Early life and career
Qazi Muhammad Isa was born on 17 July 1914 in Pishin District, Balochistan. He received his basic education in Quetta. In 1933, he went to England for higher studies and received his law degree from Middle Temple, London. After returning to British India, he started practicing law in Bombay in 1938 where he first met Jinnah.

He participated in the formation of the first Muslim political party in Pakistan, (Muslim league) Balochistan before 1947. He was from a Sunni Hazara tribe, Sheikh Ali, which migrated from Kandahar, Afghanistan to Pishin in Balochistan, Pakistan.
 
"After having been called to Bar in January 1939, he returned home and met Quaide-e-Azam Mohammad Ali Jinnah in Bombay. He was so impressed with his ideas and personality that on his return to Balochistan, he founded the All-India Muslim League in his province." He played a key role in the Pakistan Movement and was one of the trusted lieutenants of Muhammad Ali Jinnah. He was the youngest member of the Working Committee of the All-India Muslim League and as President of the Baluchistan Provincial Muslim League, he quickly organized the party throughout the province and played a key role in the 'Vote for Pakistan movement' and in the historical referendum of the then North-West Frontier Province. Qazi Essa travelled more than 300,000 miles to campaign for the Pakistan Movement between 1940 and 1947.
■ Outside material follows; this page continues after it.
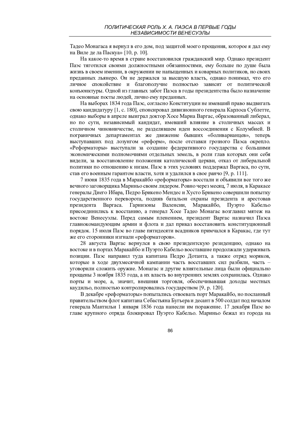 Исследуются первые годы независимости Венесуэлы после распада конфедерации Великая Колумбия и избрания президентом независимой Венесуэлы Х. А. Паэса. Изучены военно-политические конфликты в Венесуэле в первые годы ее существования и причины побед и поражений в них Х. А. Паэса. Противоречивая фигура Х. А. Паэса, негативно оценивавшаяся в советской исторической школе, тем не менее, играет значительную роль в процессе политического становления независимой Венесуэлы, и изучение того, как и почему именно Х. А. Паэс стал одним из военных вождей освободительного движения под руководством С. Боливара, а затем, порвав с С. Боливаром, оказался первым политическим лидером независимой Венесуэлы, является условием объективного взгляда на историю Венесуэлы, взгляда, свободного от идеологической критики, но также, свободного от апологетики, которая была присуща многим исследованиям, как на западе, так и в самой Венесуэле. Последовательное рассмотрение фактов биографии первого венесуэльского президента дает базисную фатологию для научного исторического анализа событий начального этапа истории этой страны.

He represented Balochistan in the 1940 Lahore Resolution (Qarardad-e-Lahore قرارداد لاھور), commonly known as the Pakistan Resolution (قرارداد پاکستان Qarardad-e-Pakistan). His nephew, Ashraf Jehangir Qazi, has been a Pakistani High Commissioner in India, Pakistan's Permanent representative in UNO and UN Secretary General Special Representative in Iraq. Qazi Essa's  son Qazi Faez Isa became Chief Justice of Balochistan High Court on 5 August 2009. He later took oath as a Judge of the Supreme Court of Pakistan on 5 September 2014.

Later, Qazi Muhammad Isa served as Ambassador of Pakistan to Brazil from 1951 to 1953. He also was a member of Pakistan delegations to the United Nations in 1950, 1954 and 1974. He was appointed member of the Committee on Minorities in the first Constituent Assembly of Pakistan.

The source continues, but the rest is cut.